Absence of flaws surprises US manufacturer as system proves dependability after 50 operations since December

Boeing is acknowledging surprise that no serious design flaws were found during the first major series of tests on the laser modules and optics systems for the US Air Force’s YAL-1 Airborne Laser (ABL) missile-defence platform.

ABL testing

“We were prepared for the potential for finding some more substantive changes and they simply have not materialised, so we’re very encouraged by that point,” says Scott Fancher, Boeing’s ABL programme manager. “We really found no fundamental flaws in the design of the laser, nothing that would force us to go and change the internal geometries of the chemical flows, for example, within the laser itself,” he says.

The ABL is being prepared to demonstrate by 2008 its ability to destroy an intercontinental ballistic missile (ICBM) in its boost phase. Flight tests in February and March validated the aircraft’s airworthiness, producing no unexpected findings. Next, the programme began to test the interfaces between the battle management system, which tracks the ICBM, and the beam control system, which aims the laser at the missile.

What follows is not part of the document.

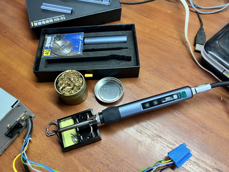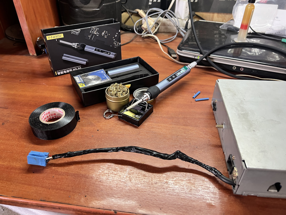 Ну и так пока решил потестировать его, восстановить обрезанный штекер от cd player к магнитоле, результат я считаю отличный, паялит очень хорошо, в руке сидит удобно, разница это как сравнивать данный паяльник со старым паяльником 😊то же самое сравнивание Мерседес и Запорожец, извините кого мог обидеть, но это так и есть😊

Fancher says the reliability and robustness of the laser design has been the most encouraging result of the tests. In 50 laser operations since December, the system’s unexpected dependability has come as a relief.

Boeing has fired the laser eight times in 24h and has also performed several back-to-back firings, “where we’ve operated the laser, safed the test stand and then gone directly into a second laser operation within 10min. All these are encouraging results for us,” says Fancher. The tests also have shown the chemicals used to produce the laser beam can be stored on board the aircraft for up to 14 days, when five or six days had been predicted.

As tests continue, the programme also has started working on sorting out future plans. An order for a second ABL platform, presumably another heavily modified Boeing 747, is due in 2008, and the initial studies on cost and performance trades has begun. A key decision is to determine how many laser modules are needed to support the mission. The ABL testbed is now using six, but the programme is considering adding up to eight more. “It’s pretty clear from a cost-benefit perspective [that] fewer, more-efficient modules is going to be a better solution than more less-efficient modules, so where do you invest future development dollars goes into that as well,” says Fancher.